**Exercise instructions:** Your answer should hold exactly the lines below from the line with "Nén nỗi đau" through the line with "The North Face", both included, and no pictures at all.

**Data listing:**
_ _ _ _

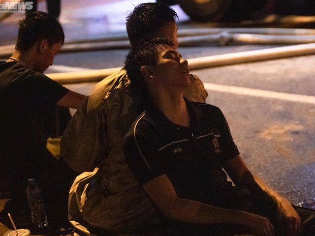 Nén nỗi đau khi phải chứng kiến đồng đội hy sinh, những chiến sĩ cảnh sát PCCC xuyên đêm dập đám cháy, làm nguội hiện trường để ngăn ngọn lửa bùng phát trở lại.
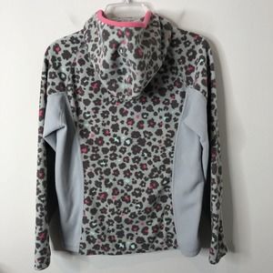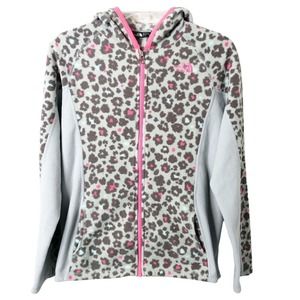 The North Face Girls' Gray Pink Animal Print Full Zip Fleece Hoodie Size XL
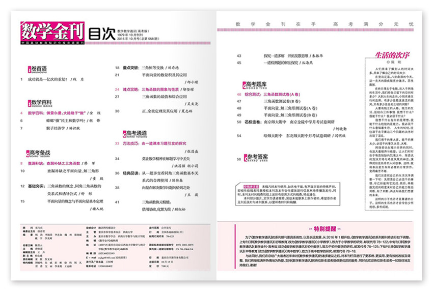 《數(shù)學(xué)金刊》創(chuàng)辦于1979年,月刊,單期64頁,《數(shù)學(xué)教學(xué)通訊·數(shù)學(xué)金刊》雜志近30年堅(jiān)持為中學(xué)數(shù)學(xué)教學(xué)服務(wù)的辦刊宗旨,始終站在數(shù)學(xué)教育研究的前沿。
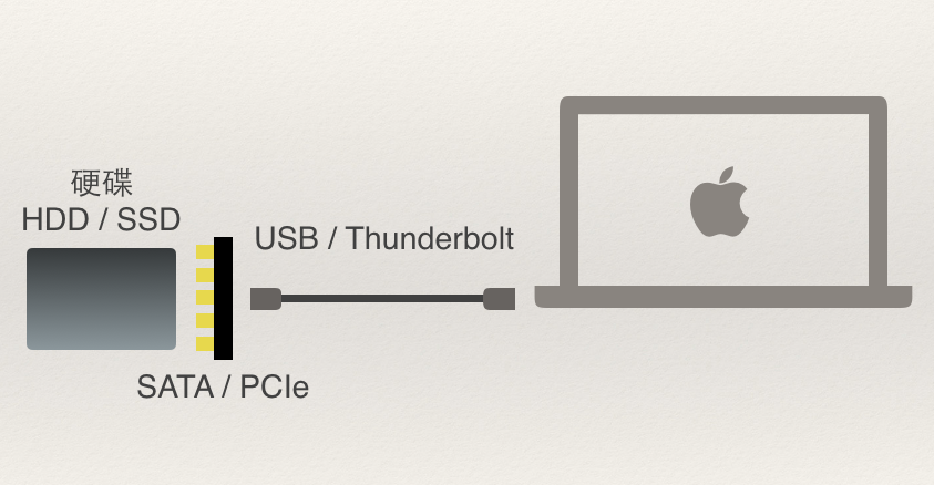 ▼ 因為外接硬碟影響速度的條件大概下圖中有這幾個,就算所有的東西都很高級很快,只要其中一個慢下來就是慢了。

_ _ _ _

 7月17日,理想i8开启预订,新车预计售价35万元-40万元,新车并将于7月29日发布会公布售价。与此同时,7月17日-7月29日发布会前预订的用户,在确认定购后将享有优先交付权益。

_ _ _ _

**Solution:**
 Nén nỗi đau khi phải chứng kiến đồng đội hy sinh, những chiến sĩ cảnh sát PCCC xuyên đêm dập đám cháy, làm nguội hiện trường để ngăn ngọn lửa bùng phát trở lại.
 The North Face Girls' Gray Pink Animal Print Full Zip Fleece Hoodie Size XL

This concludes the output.